For the traditional 7- or 4-layer network model, a layered architecture eliminates the maintenance of the network’s connection state, and each layer focuses only on its own implementation of functionality, thus enabling a large number of applications to be implemented over TCP/IP. The layered architecture also allows IP to run on a variety of different media, from Ethernet to wifi to 5G networks, without the need to focus on the specific implementation of the underlying layer.

The Internet is basically a distributed packet-switching based network implemented according to this model, which are connected through store-and-forward based gateways. Such networks enable the basic functions of the early Internet: reliability and scalability.

Since TCP/IP ruled over the entire Layer 3 and 4 protocols, change in networking has essentially come to a standstill. The following network framework was accepted:

1. hardware switches and routers with distributed management

2. a mechanism for packet-switching-based store-and-forwarding

3. Host-side use of kernel-based TCP/IP stacks

On this basis, we have implemented network protocols on more transmission media, realized more various applications, and verified various flow control mechanisms. After all, in a TCP network, the method of triggering flow control is to drop packets, as well as extending the IP address from IPv4 to IPv6.

But there’s an important change happening since Hyperscale came along, which has a large number of private networks where the east-west traffic is often orders of magnitude greater than the north-south traffic. For such data center networks, they are making new demands:

🔹 Management based on individual hardware network devices is no longer sufficient, they need global management.

🔹 There is a wide variety of devices and they want to enable full lifecycle management of devices.

🔹 For Hyperscale, the network environment of the private data center is relatively simple compared to the WAN, and they want to pursue higher performance.

Switch Changes

As a result, for traditional network switch hardware devices, the separation of the control path from the data path becomes mainstream. With the advent of OpenFlow [3] and SDN [4] controllers, a plethora of white box switch products became standard in Hyperscale data centers.

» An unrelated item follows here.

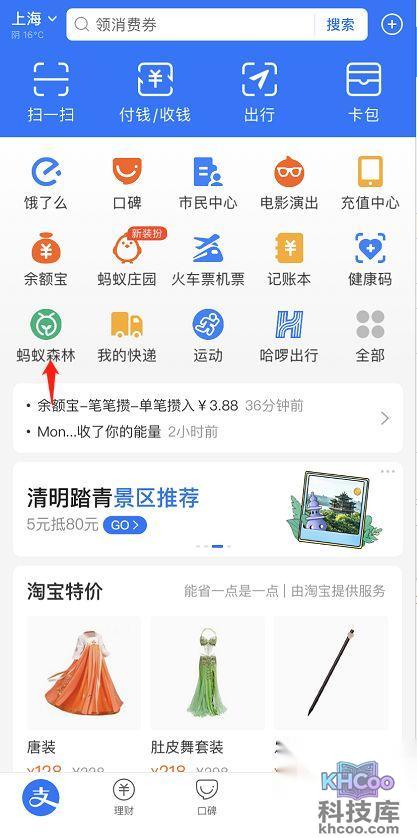 1.在支付宝首页,点击进入蚂蚁森林界面

At the same time, as the data center network scales, more and more network ports are on a large L2 network, the original L2 network relies on the broadcast topology discovery mechanism has problems, the broadcast consumes too much bandwidth, and scalability problems occur. The original VLAN technology could not meet the requirements because of scalability. Therefore, the global concept of SDN has become the mainstream of the data center network. You can see that the physical switch of the original network becomes the single function packet forwarding engine, and the control path is realized by the Network OS.

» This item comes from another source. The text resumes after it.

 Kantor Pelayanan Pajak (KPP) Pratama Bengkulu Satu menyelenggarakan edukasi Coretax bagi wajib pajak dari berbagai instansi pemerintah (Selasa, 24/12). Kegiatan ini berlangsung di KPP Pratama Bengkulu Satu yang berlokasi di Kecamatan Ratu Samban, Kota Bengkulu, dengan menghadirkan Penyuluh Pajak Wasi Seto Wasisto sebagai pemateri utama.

When the datapath and control path are separated, flexible control of the datapath becomes a new requirement, and it is hoped that the following functions can be realized through programmable datapaths:

🔹 Protocol-agnostic, the switch’s data path can handle arbitrary packet formats.

🔹 Configurable, the switch’s controller can define the configuration of the parsers in the data path as well as the packet processing modifiers.

🔹 Completely decoupled from hardware, the processing language for network packets is completely independent of the hardware, and the mapping to the hardware is realized by the compiler.

The emergence and adoption of switch P4

Thus, the earliest PISA architectures emerged [5].

Barefoot led the way, and the mainstream switches in the industry are now moving in this direction. In academia, there are also many applications using P4, which are currently focused on monitoring the network. But the domestic Alibaba in 2021 Sigcomm on the Luo Shen gateway [6] is considered a real landing application.

The solution uses the programmable function of Barefoot switch chip, and the gateway service flow information combination, in the hardware path to achieve the flow of different services for different custom processing.

In other scenarios, host offloading of multicast or multicast applications in the public cloud can also be well realized using P4’s data path programmability. [7].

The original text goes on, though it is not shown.